Value-based care is slowly becoming the name of the game in healthcare.
Value-based care is a payment model that ties the amount providers earn for their services to patient outcomes.
Three key driving forces behind the shift to value-based care are government programs and incentives, advancements in technology and the use of data to gather information.
The model has piqued the interest of companies such as CVS Health, Optum and Amazon, as well as physician groups.
In February, Optum acquired Middletown, N.Y.-based multispecialty group Crystal Run Healthcare. In an email to employees obtained by Mid Hudson News, Hal Teitelbaum, MD, CEO of Crystal Run Healthcare said, "Crystal Run has long recognized that the fee-for-service reimbursement model is broken, and we committed to transition to value-based care focused on the quadruple aim."

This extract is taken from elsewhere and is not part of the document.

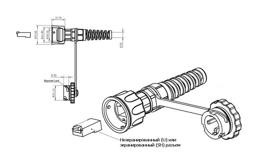 | Особенности | Корпус из термопластика с байонетным замком и защитной крышкой. Соответствует стандартам ANSI/TIA/EIA-568-B.2-1, ISO/IEC 11801 для категории 6 Соответствует стандарту IEC 60529 (степень защиты IP67) Стандарт пожарной безопасности UL 1863 |

It's not just large companies who are dipping their toes into the pool of value-based care. York, Pa.-based WellSpan Health plans to open an ASC focused on value-based care in Lancaster, Pa.
"Our strategy in developing a value-based care model at WellSpan is focused on providing such surgical and digestive health services in these outpatient settings that will both improve quality outcomes and lower costs for our patients," James Stuccio, senior vice president of York, Pa.-based WellSpan Health's east region, said in a news release.
Though value-based care's popularity is growing, just 14 percent of physicians participate in the payment model, according to Medscape's 2023 "Physician Compensation Report." The fee-for-service model is still the most popular payment model by a long shot, with 46 percent of physicians participating in it.